Work order
In the entries below, begin at the line with "Áo choàng dài" and stop after the line with "Nutri Infusion Nutritive"; output those lines exactly and omit the pictures.
:: Supplied records
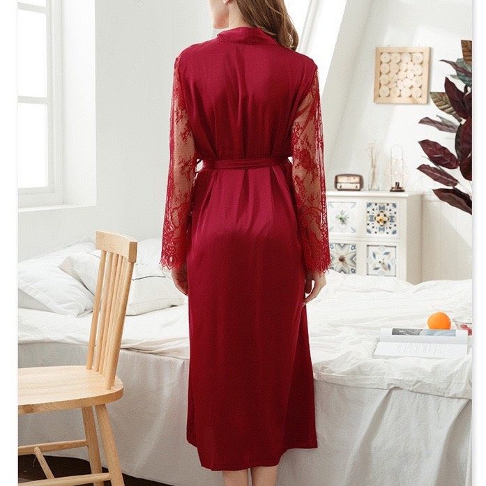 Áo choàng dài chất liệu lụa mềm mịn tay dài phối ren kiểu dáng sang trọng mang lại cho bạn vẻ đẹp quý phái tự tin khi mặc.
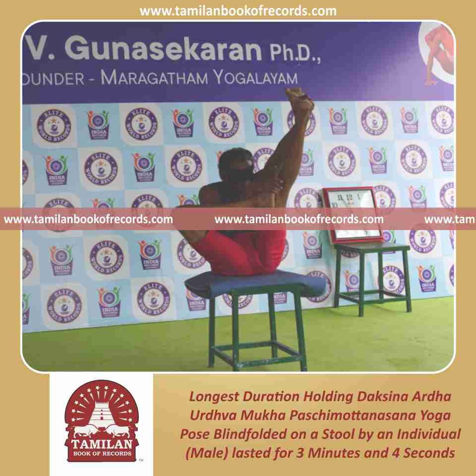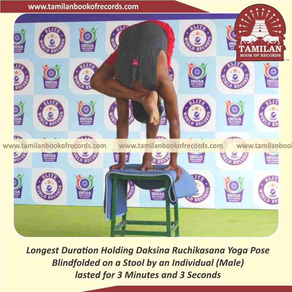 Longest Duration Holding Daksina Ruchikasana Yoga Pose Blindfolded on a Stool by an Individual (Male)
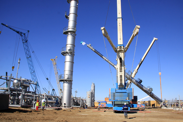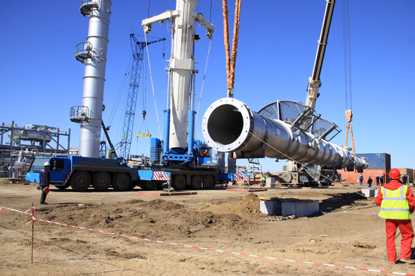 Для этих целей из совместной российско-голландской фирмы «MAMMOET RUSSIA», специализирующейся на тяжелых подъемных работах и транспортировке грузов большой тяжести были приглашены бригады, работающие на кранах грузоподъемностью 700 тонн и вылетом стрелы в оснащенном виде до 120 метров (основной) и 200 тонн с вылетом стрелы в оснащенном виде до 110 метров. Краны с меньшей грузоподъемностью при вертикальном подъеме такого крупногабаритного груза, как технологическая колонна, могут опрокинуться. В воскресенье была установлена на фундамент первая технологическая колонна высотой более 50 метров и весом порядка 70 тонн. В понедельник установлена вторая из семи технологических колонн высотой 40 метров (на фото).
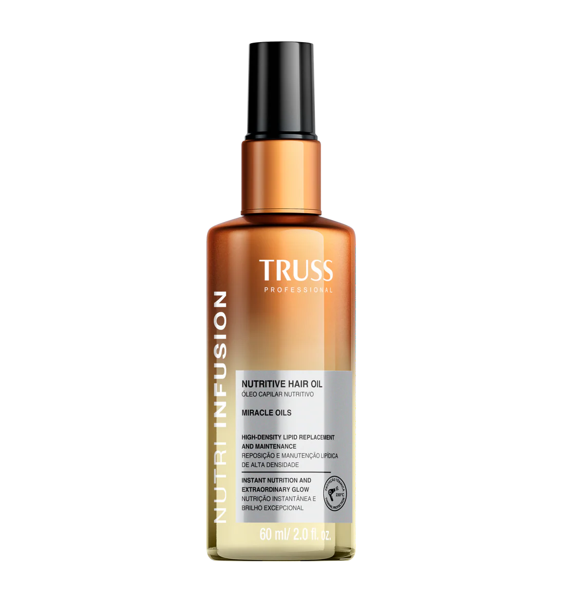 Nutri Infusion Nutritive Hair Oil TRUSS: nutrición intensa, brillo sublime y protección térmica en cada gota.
::::
:: Supplied records
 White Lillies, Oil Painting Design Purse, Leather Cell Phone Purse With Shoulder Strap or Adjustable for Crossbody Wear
::::
Task response
 Áo choàng dài chất liệu lụa mềm mịn tay dài phối ren kiểu dáng sang trọng mang lại cho bạn vẻ đẹp quý phái tự tin khi mặc.
 Longest Duration Holding Daksina Ruchikasana Yoga Pose Blindfolded on a Stool by an Individual (Male)
 Для этих целей из совместной российско-голландской фирмы «MAMMOET RUSSIA», специализирующейся на тяжелых подъемных работах и транспортировке грузов большой тяжести были приглашены бригады, работающие на кранах грузоподъемностью 700 тонн и вылетом стрелы в оснащенном виде до 120 метров (основной) и 200 тонн с вылетом стрелы в оснащенном виде до 110 метров. Краны с меньшей грузоподъемностью при вертикальном подъеме такого крупногабаритного груза, как технологическая колонна, могут опрокинуться. В воскресенье была установлена на фундамент первая технологическая колонна высотой более 50 метров и весом порядка 70 тонн. В понедельник установлена вторая из семи технологических колонн высотой 40 метров (на фото).
 Nutri Infusion Nutritive Hair Oil TRUSS: nutrición intensa, brillo sublime y protección térmica en cada gota.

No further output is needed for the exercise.